Any one hunted this piece of land? If so where is a good place to start? and where do you sign-in?
thanks corndog


----------



## BROWNING7WSM (Sep 14, 2004)

I was wondering the same thing corndog. Been thinking of trying sheffield this year for the first time..Does anyone know how crowded it gets?


----------



## sr.corndog (Sep 14, 2004)

Hay Browning 7WSM give me a call or PM and I will meet you there stronger in numbers! I always want to hunt weekends open!  
corndog


----------



## CharlesH (Sep 14, 2004)

*never hunted it*

I've never hunted sheffield, but my cousin and a friend went this past sunday and they say 4 deer total, but none were within range. I hope to get out that way one weekend when i'm home.

Charles Harrison


----------



## HuntinTom (Sep 15, 2004)

*I Used to Hunt Sheffield Quite a Bit...*

It's real crowded on the weekends during archery season, but after gun season starts it can be quite nice...


----------



## sr.corndog (Sep 15, 2004)

*Sheffield forest WMA*



			
				HuntinTom said:
			
		

> It's real crowded on the weekends during archery season, but after gun season starts it can be quite nice...

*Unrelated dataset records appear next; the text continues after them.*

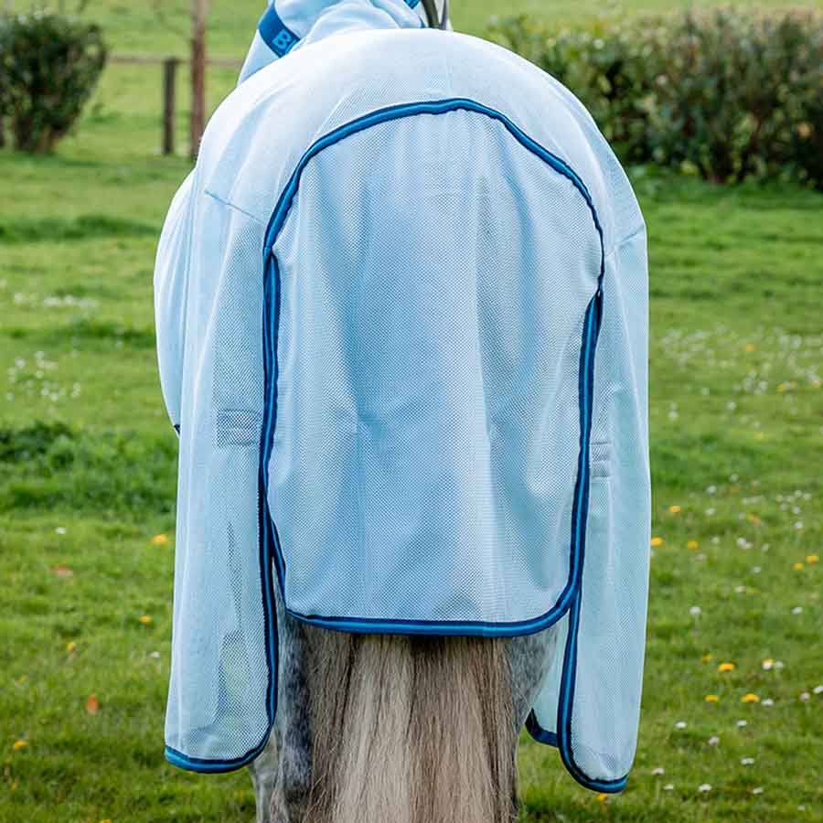 Horsewares Bug Buster, här i ljusblått, är ett högkvalitativt flugtäcke som erbjuder ett effektivt skydd mot såväl solens starka UV-strålar som flugor och andra irriterande insekter. Det välventilerade materialet säkerställer att hästen håller sig sval och torr, samtidigt som de utskurna benvalven och noggrant framtagna passformen säkerställer maximal rörelsefrihet och optimal komfort.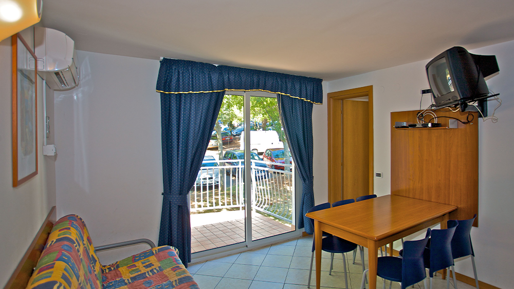 Apartma je velik približno med 35-40m2 in ima spalnico z ločenima ležiščema ter kopalnico s tušem. Apartma ima tudi spalno bivalni prostor z kavčem ter popolnoma opremljeno kuhinjo. Na voljo je klimatska naparava, TV, telefon ter sef. Apartma ima balkon.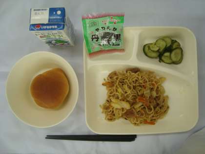 「焼きそば きゅうりのしょうがづけ ソフト黒豆 パン 牛乳」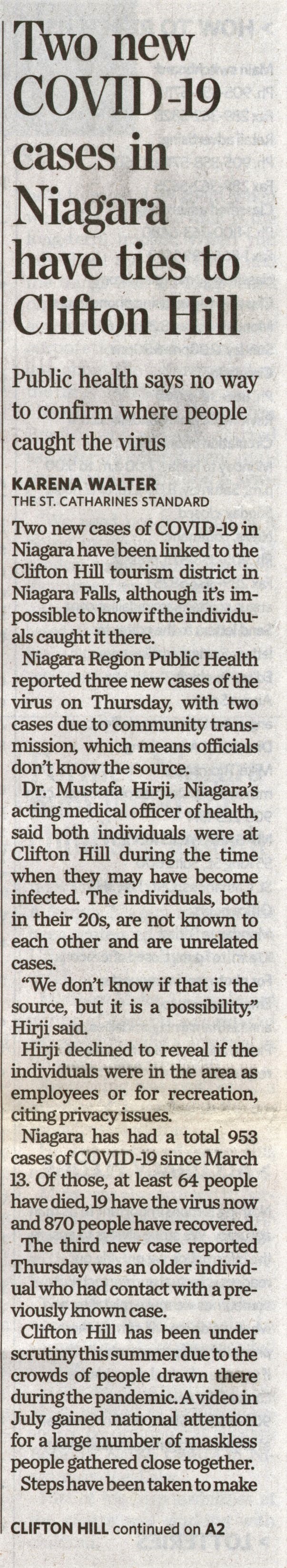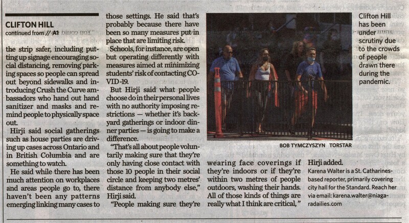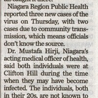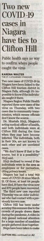 - COVID-19 cases / Clifton Hill / Niagara Region Public Health / Hirji, Mustafa Dr. / tourism
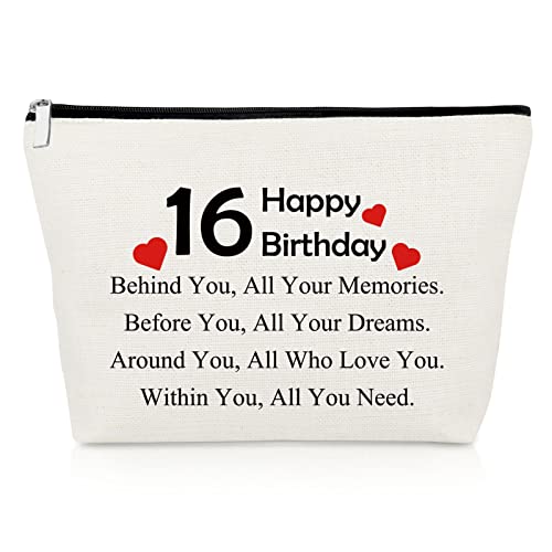 16th Birthday Gifts for Girls Makeup Bag 16 Year Old Birthday Gifts Ideas Sweet 16 Present for Her Cosmetic Bag 16th Birth Day Gift for Daughter Granddaughter Friends Sister Niece BFF Friendship Gift

Hay Hunting Tom since you have been there before map from DNR says the roads have jeep written on them does that mean only passable with a rough rider jeep? And can you direct me to a spot to start hunting?   
corndog


----------



## rapid fire (Sep 15, 2004)

corndog, it's been several years since my last visit, but the roads varry.  You can go down any of them with a decent 4X4.  Good luck, Rapid Fire


----------



## HuntinTom (Sep 16, 2004)

*corndog...*

Check Your PM's...


----------